Menteri Keuangan Sri Mulyani diperintahkan untuk memberikan dukungan yang dapat dilakukan melalui insentif kepada daerah yang berkinerja baik dalam penurunan tingkat kemiskinan dan Menteri Pekerjaan Umum dan Perumahan Rakyat Basuki Hadimuljono diperintahkan untuk memberikan bantuan perbaikan rumah dan atau pembangunan rumah baru serta relokasi pemukiman bagi keluarga miskin ekstrem.
Untuk mewujudkan hal tersebut, Direktur Center of Economic and Law Studies (CELIOS), Bhima Yudhistira mengatakan ada sekitar 10 juta masyarakat miskin ekstrem yang perlu ditangani pemerintah. Masalahnya, saat ini Indonesia masih dilanda masalah pangan yang juga belum bisa dituntaskan. Hal ini juga turut menyumbang tingkat kemiskinan di Indonesia.
“Presiden mengejar tingkat kemiskinan ekstrem 0%, kan artinya kemiskinan esktream hilang, masalahnya pemerintah masih babak belur mengurus masalah pangan yang ada saat ini bakal sulit untuk memberantas kemiskinan esktrem,” jelas Bhima.
Saat ini harga pangan banyak mengalami kenaikan, bahkan masalah minyak goreng pun juga belum terselesaikan. Hal ini berimbas sangat signifikan pada tingkat penurunan kemiskinan masyarakat, bahkan harga akan sulit turun dan bisa lebih tinggi daripada sebelum pandemi.
Salah satunya adalah kenaikan harga telur ataupun daging ayam. Misalnya untuk telur ayam kenaikannya dalam satu bulan terakhir bisa sampai sekitar Rp3 ribuan. Kemudian cabai merah yang saat ini harganya meroket.
“Beberapa kebutuhan pokok yang biasanya pascalebaran itu turun, karena permintaan normal lagi, tapi sekarang setelah lebaran harganya malah lebih tinggi, misalnya minyak goreng deh, harusnya turun pascalebaran, tetapi sekarang masih mahal,” lanjutnya.
Hal ini Menurut Bhima menjadi semacam anomali dalam penanganan kemiskinan khususnya pangan. Jika kenaikan harga pangan juga dibarengi dengan permintaan yang kuat, tidak akan menjadi masalah. Sayangnya daya beli masyarakat saat ini sangat tertekan akibat pandemi dan kenaikan harga pangan.

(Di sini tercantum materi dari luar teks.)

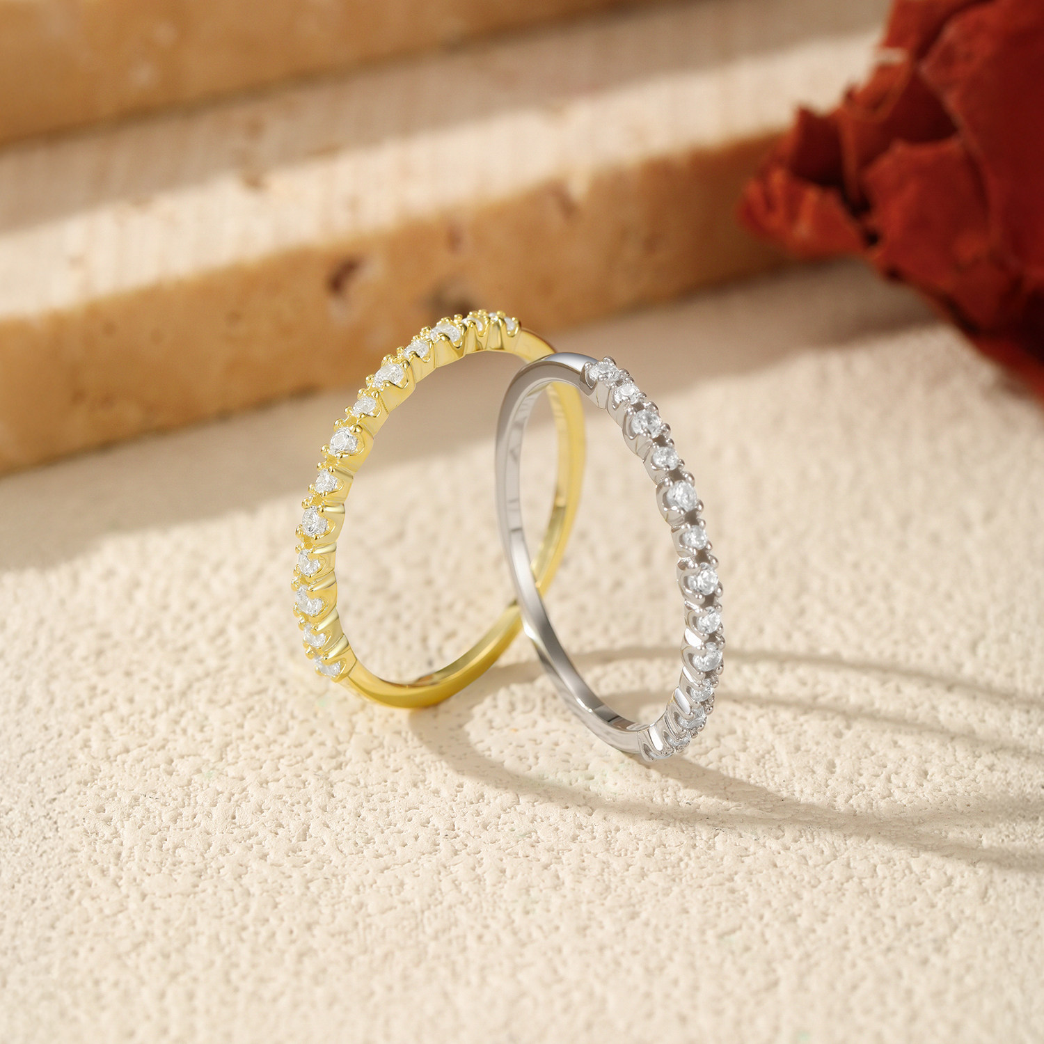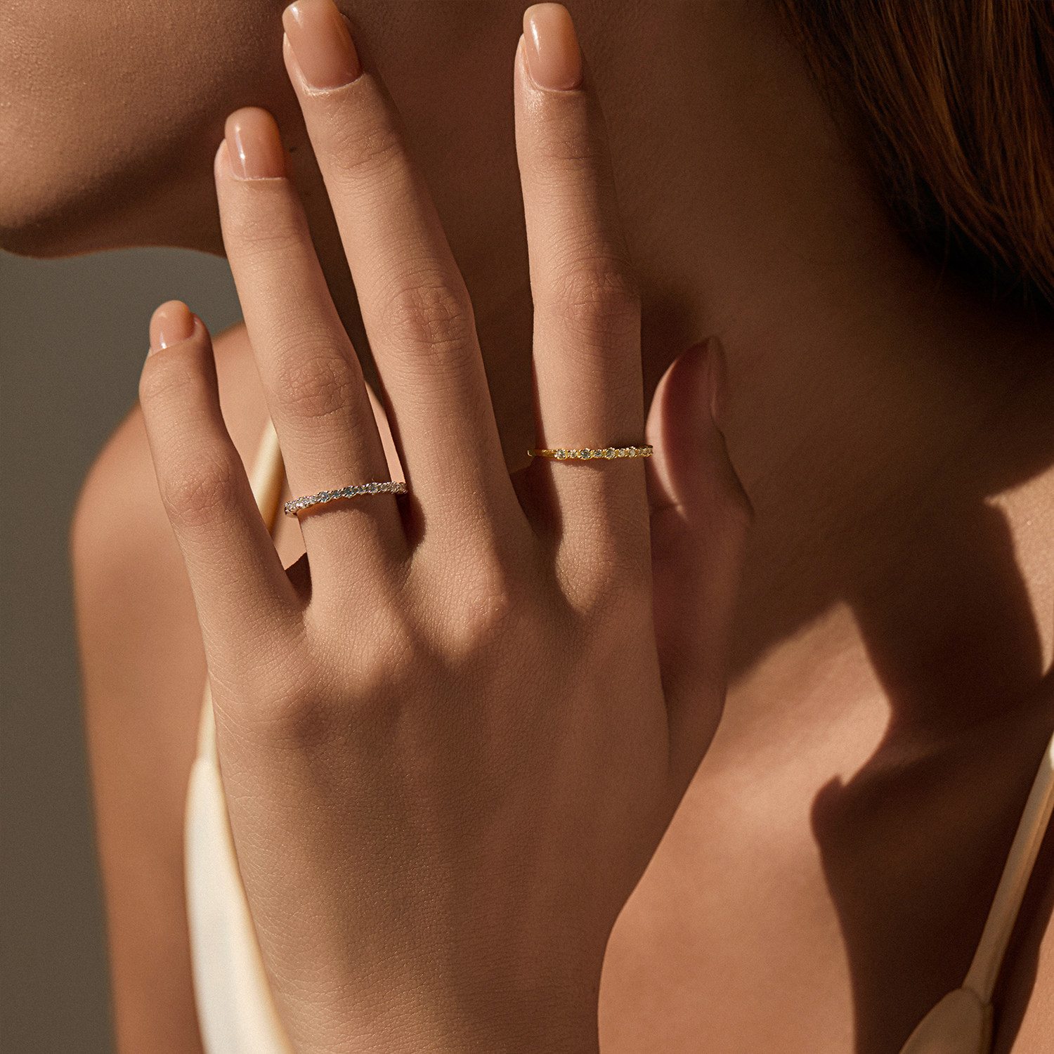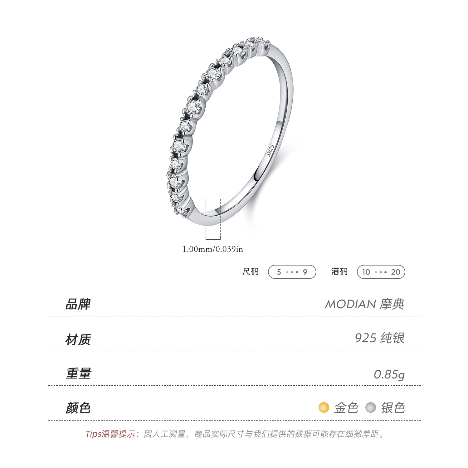 MODIAN摩典S925纯银小众闪亮单排钻戒指女百搭叠戴风细戒食指戒
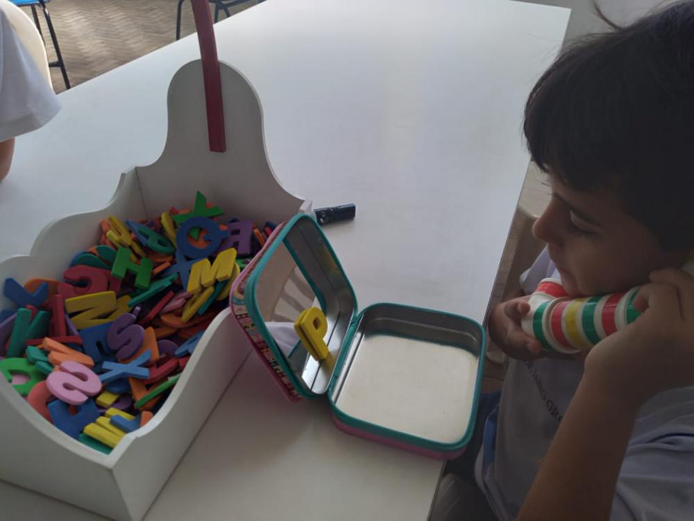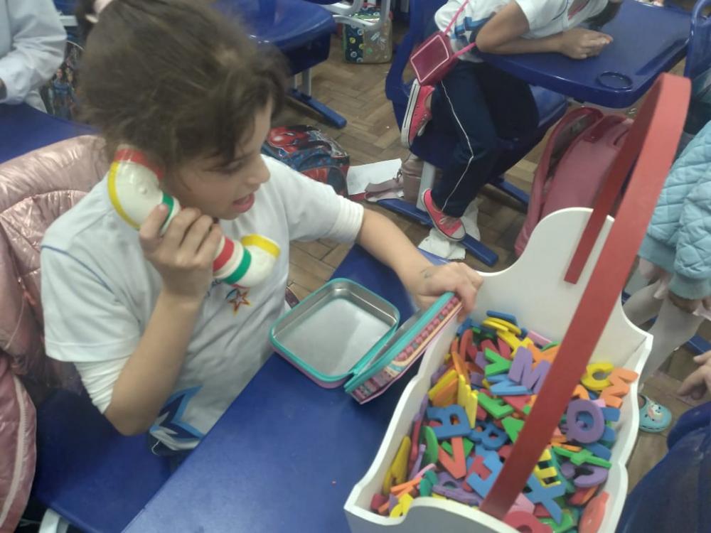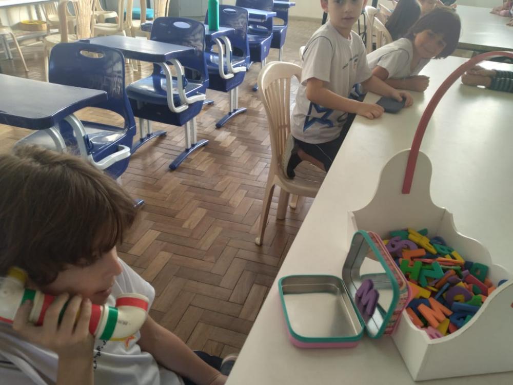 Os alunos das turmas do 2º ano, do Ensino Fundamental I, com a professora Jaqueline Garcia, desenvolveram atividades onde a importância da consciência fonológica foi trabalhada, utilizando os recursos do “sussurrofone”, alfabeto móvel e um espelho para visualização do movimento que a boquinha faz ao pronunciar o som de cada uma das letras.

“Data di lapangan sekarang yang terjadi bisa kita lihat keyakinan konsumen menurun, masyarakat yang paling bawah ini tidak bisa mengejar kenaikan harga,” jelasnya.
Selain itu, Bhima mengatakan masih banyak tantangan yang perlu tuntaskan dengan serius oleh pemerihtah untuk menurunkan kemiskinan ekstrem. Misalnya penanganan Penyakit Mulut dan Kuku (PMK) yang menjangkit hewan ternak seperti sapi kambing dan hewan lainnya. Kemudian masalah tata niaga pangan.
“Kita lagi menghadapi PMK apalagi menuju Iduladha, sebelumnya juga ada persoalan subsidi pupuk, kemudian soal tata niaga pangan dan distribusi panjangnya yang belum selesai hingga saat ini,” pungkasnya.